Multimodal RAG with images pipeline: ingest, summarize, embed, retrieve, generate Pipeline: documents → image extraction → GPT-4o vision summary → ChromaDB embedding → MultiVectorRetriever → GPT-4o answer

The pipeline has four stages:

Ingest — parse PDF or directory, extract text chunks and image bytes
Summarize — pass each image to GPT-4o vision, get a text description
Index — embed the text summary; store raw image as the doc_id payload in a InMemoryStore
Retrieve + Generate — query returns summaries, MultiVectorRetriever swaps in the raw image bytes, GPT-4o answers with full multimodal context

Solution

Step 1: Install Dependencies

Create a project directory and install with uv (faster than pip, ships with Python 3.12 lockfile support).

# Create project
mkdir multimodal-rag && cd multimodal-rag
uv init --python 3.12
uv add langchain langchain-openai langchain-chroma chromadb \
        unstructured[pdf] pillow python-dotenv openai

If you prefer pip:

pip install langchain langchain-openai langchain-chroma chromadb \
            "unstructured[pdf]" pillow python-dotenv openai --break-system-packages

Set your OpenAI key:

# .env
OPENAI_API_KEY=sk-...

Expected output: All packages installed successfully (uv) or no errors (pip).

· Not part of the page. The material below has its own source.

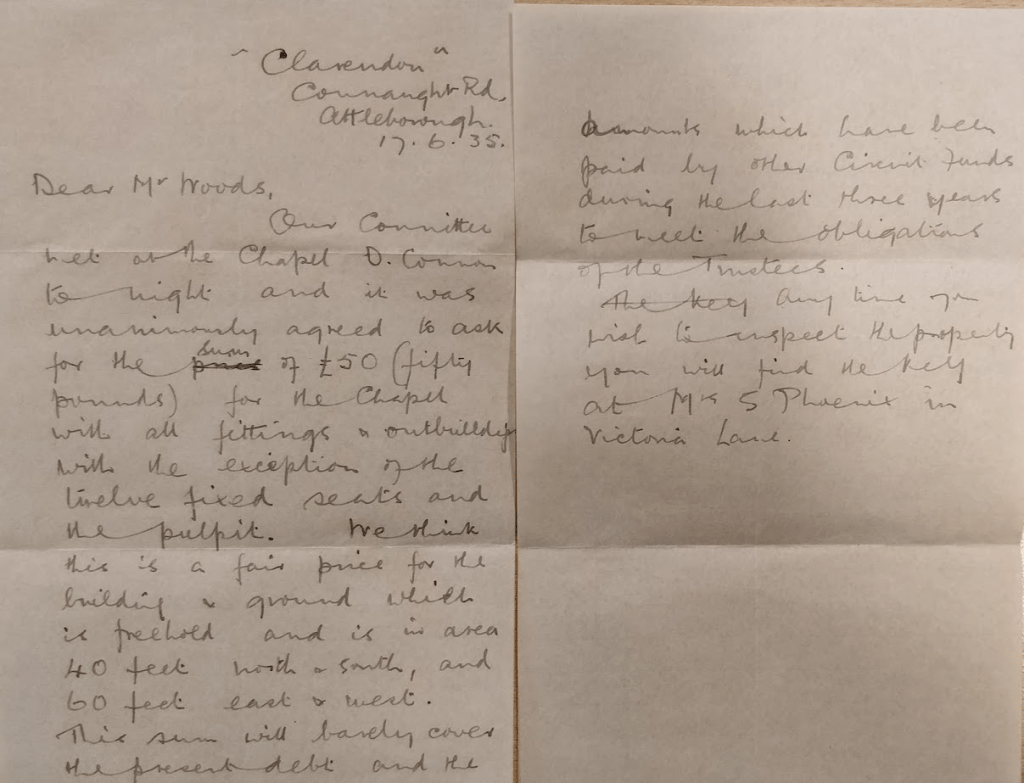 A letter from the Methodist Chapel Aid Association dated April 21st 1943 records that the principal and all interest on the chapel’s loan had been paid off following the receipt of a payment from Mr. E.A. Harvey. Mr. Harvey was one of the circuit stewards mentioned when the trustees resolved to sell the chapel in 1935.

Step 2: Extract Text and Images from a PDF

# ingest.py
import base64
import uuid
from pathlib import Path
from unstructured.partition.pdf import partition_pdf

def extract_elements(pdf_path: str) -> tuple[list, list]:
    """Return (text_chunks, image_b64_list) from a PDF."""
    raw = partition_pdf(
        filename=pdf_path,
        extract_images_in_pdf=True,          # unstructured extracts embedded images
        infer_table_structure=True,
        chunking_strategy="by_title",
        max_characters=4000,
        new_after_n_chars=3800,
        combine_text_under_n_chars=2000,
        image_output_dir_path="./figures",   # saves PNGs here
    )

    text_chunks = [str(el) for el in raw if el.category in ("NarrativeText", "Table")]
    images: list[str] = []

    for img_file in Path("./figures").glob("*.png"):
        with open(img_file, "rb") as f:
            images.append(base64.standard_b64encode(f.read()).decode("utf-8"))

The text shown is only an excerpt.